While BlackBerry's latest handsets might not be selling as fast as some of the competition, the Canadian mobile maker is looking to expand its market presence further by having its messaging software come preinstalled on other vendors' phones, according to a report. In May, BlackBerry announced that it will open its popular …
Would this mean the end of Win 8 phones?
What has this to do with Windows Phone?
Windows Phone is outselling Blackberry by 8:1 according to the latest Kantar figures for April (0.7% vs 5.6%) and WP is growing market share rapidly and Blackberry is shrinking rapidly.
So the only question in that regard would be does it mean then end of Blackberry will come even faster?
Seems like a crazy 1990's strategy. Put at risk your actual real revenue stream to chase user numbers in the hope of someday figuring out how to make money from it.....
They should've done this about 5 years ago with their entire email suite, not just bbm. Too little, too late.
Re: Too late.
Yep, if they had let others manufacture the (sexy) hardware, whilst BB did the secure backend, then all the C-level execs would still be on the most secure messaging platform and loving their phones. It would have made BYOD a lot simpler to administer and support.
Some may hindsight is 20/20, but I'll wager a dollar I can find rants in El Reg forums going back over 3 or 4 years that address this.
Re: Too late.
They did. It was called Blackberry Connect.
And it was Horrible!
This is what Nokia tried too
Symbian 3 all over again?
BBM Isn't All That
I've been a BlackBerry user since 2009, when I bought my first (second hand) handset from eBay for £50. I bought it as something I could use to make calls, text, and manage my emails. I'm on my third handset now, after a very brief flirtation with Android (shite) and a longer term relationship with Windows Phone 7. In my opinion, Windows Phone offers an email system on a par with BlackBerry. It's easy enough to set up email on WP, and writing an email was an enjoyable experience. The only problem was that the screen was taken up by a keyboard, and this is where the BlackBerry wins and beats all devices really.

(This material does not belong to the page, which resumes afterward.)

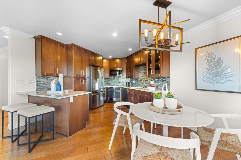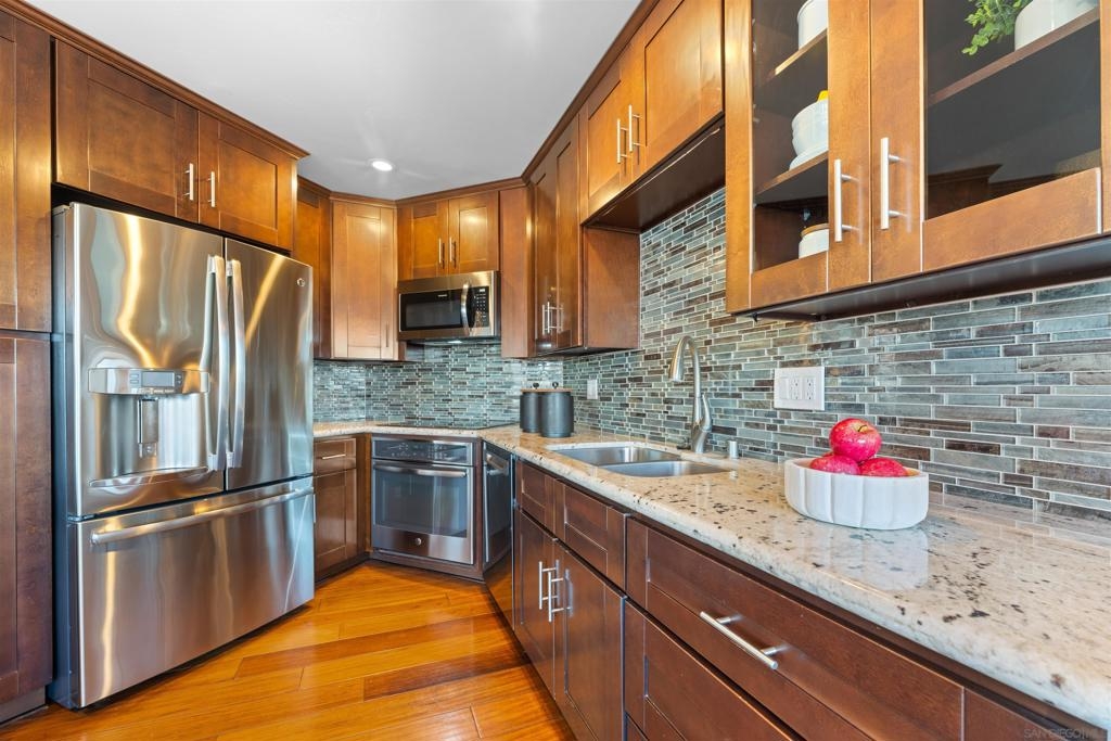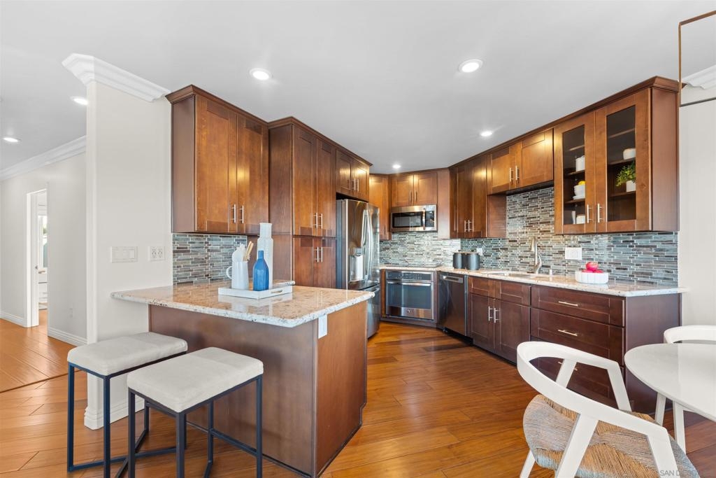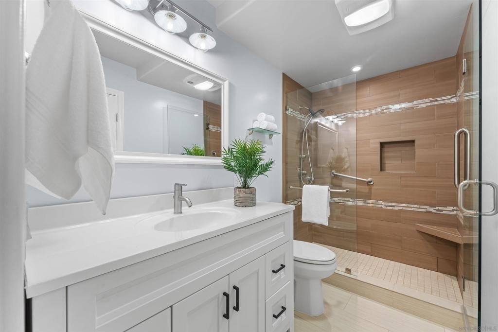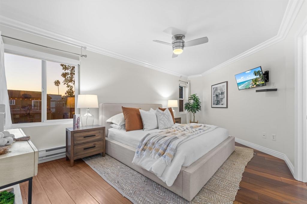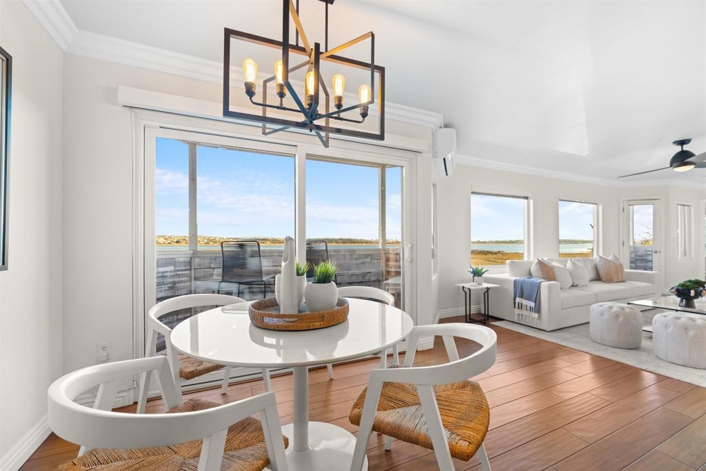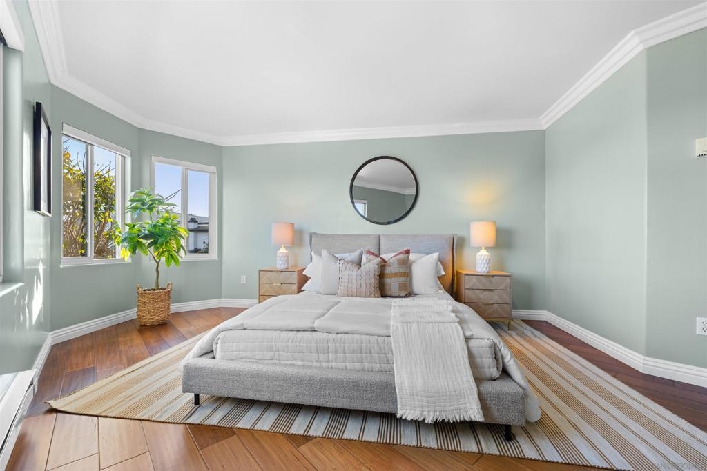 Turn-key, Remodeled, and jaw-dropping Panoramic Views of Mission Bay and the San Diego skyline! Wake up to the stunning sunrise over Mission Bay and wildlife estuary, or enjoy the nightly SeaWorld fireworks and dazzling city lights!! This 3BR 2BA corner-unit spans over 1,369 sq ft, with an open floor-plan flowing from the living room, family room, dining area, and open kitchen. 2 water-front balconies provide ample outdoor living and serene relaxation space. Other luxurious features include: remote electric blinds, gas fireplace, high end showers, 2 walk-in closets, 2 garaged parking spaces, full sized washer and dryer (in-unit)! Only 10 units in this fully gated complex, offering a quaint, and boutique community feel! This remarkable home is a testament to stylish and warm water-front living in one of California's most sought-after locations.

It's the keyboard that makes the phone, and it's the keyboard that means BlackBerry will have some sort of market presence in the years to come. I can't stand touch screen devices, while the keyboards have got better in recent times, they take up half the bloody screen so you can't see anything. So I wouldn't be surprised if BlackBerry/RIM know this, and know that they can afford to release BBM to other phone manufacturers.
My brother was a BB fan and tried both Android and Apple products but reverted back quite quickly, he even has one of the new models and I have to say it is pretty good. I am an Android person myself but last year I needed a phone for work so I thought I would buy a cheap BB to handle this. I was surprised how good it was and the syncing with Outlook, handling multiple email account etc. I don't think that offering BBM is a deal breaker, in someways I think if people see how integrated the features are and how easy it is to use they may just remember how good the other features where on the BB and now with a decent touch screen as well as the keyboard versions, with a lot more apps people may want to switch back.
I thought BB messagner ran as a seperate service on a bb handset that the operator in the uk charged etc to run?
SO if the new bb running over tcp/ip wonder if the operator will attempt to charge extra for this feature..
Yeah... good one...
Prrsonally, I'd rather not have anything pre-installed on a mobile except the bear essentials that are needed to make it a smart phone. I have an android that comes with a 2nd keyboard interface, a whole slew of games, an in built browser that can't even render HTML reliably, a contact list feature that loses account detail on reboot.. none of which can be uninstalled, and so reduce the 150mb system memory to about 32mb by the time I install the stuff I have to install to make it usable.